VCE Methods Question Thread!

[amanaazim]

can someone solve this

sketch the region described by x+3y<6 (by the way the inequality sign is actually greater than or equal to 6 i just don't know how to put that sign someone teach me)

[Sine]

can someone solve this

sketch the region described by x+3y<6 (by the way the inequality sign is actually greater than or equal to 6 i just don't know how to put that sign someone teach me)

Rearrange to have a inequality with y > or y <
Sketch this line and then use a test point (the origin is easy - if the line does not go through the origin) to see which side of the graph you need to shade.

[TheEagle]

can someone solve this

sketch the region described by x+3y<6 (by the way the inequality sign is actually greater than or equal to 6 i just don't know how to put that sign someone teach me)

Rearrange to make y the subject
3y<6-x
y<2- 1/3x

Since its "y is less than 2 - 1/3x", we must shade below our "y" or in other words, shade below the line.
If it's y>2 - 1/3x, then shade above the line since it's "greater than y"

Also, if you want to express the less than or equal to sign on computer, just type both:  <=
i.e:   y>=x     is read as "y is greater than or equal to x"

Otherwise, you can use Sine's method of substituting points to find the boundary.

[amanaazim]

can someone solve this question for me:
MCQ
how long would a plumber have visited for if her total charge was $104, given a service call costs $27 and her usual charge is $35 per hour?

A- 2 hours
B- 2 hours and 12 minutes
C- 2 hours and 15 minutes
D- 2 hours and 2 minutes
E- 2 hours and 20 minutes

[fun_jirachi]

can someone solve this question for me:
MCQ
how long would a plumber have visited for if her total charge was $104, given a service call costs $27 and her usual charge is $35 per hour?

A- 2 hours
B- 2 hours and 12 minutes
C- 2 hours and 15 minutes
D- 2 hours and 2 minutes
E- 2 hours and 20 minutes

Hey there!

What would your automatic approach to this question be? We'd like to see some working because asking us to solve questions for you doesn't help you learn as much as guiding you - you're not going to have this forum in the exam, after all. It's just a small thing to help us help you!

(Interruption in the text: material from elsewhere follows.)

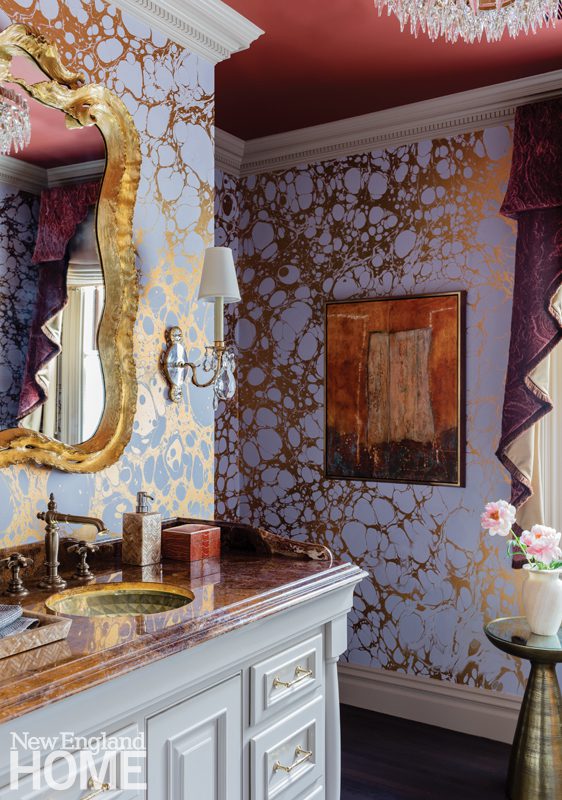 Another brilliant exception to the house’s neutral palette is the half bath off the front entry. Papered with dramatic gold and white wallcovering, the room has a red ceiling, a crystal ceiling fixture, a custom vanity topped with an agate counter, and a voluptuously curved gold-framed mirror.

Something to note is that the answer is an amount of time, while there is a rate of change with respect to time in the question. That's a subtle hint that needs to be noticed every time in these sorts of questions.

Hope this helps

[colline]

can someone solve this question for me:
MCQ
how long would a plumber have visited for if her total charge was $104, given a service call costs $27 and her usual charge is $35 per hour?

A- 2 hours
B- 2 hours and 12 minutes
C- 2 hours and 15 minutes
D- 2 hours and 2 minutes
E- 2 hours and 20 minutes

Try putting the info given in the question into an algebra equation, with whatever you're solving for being 'x'. In this case x would be the time (in hours) she visited for. If she charges $35 an hour and visited for 'x' hours, then her charge for this would be 35*x. Then you must add the service call fee, which is $27, so her total charge is 27 + 35x which the question states is equal to 104. Then all you have to do is solve for x, then convert your answer into hours and minutes.

[Itbelikethatsometimes]

Pretty confused with this:
Find the y-coordinates of the points of intersection of the parabola with the equation y=x²-a and the circle with equation x²+y²=4.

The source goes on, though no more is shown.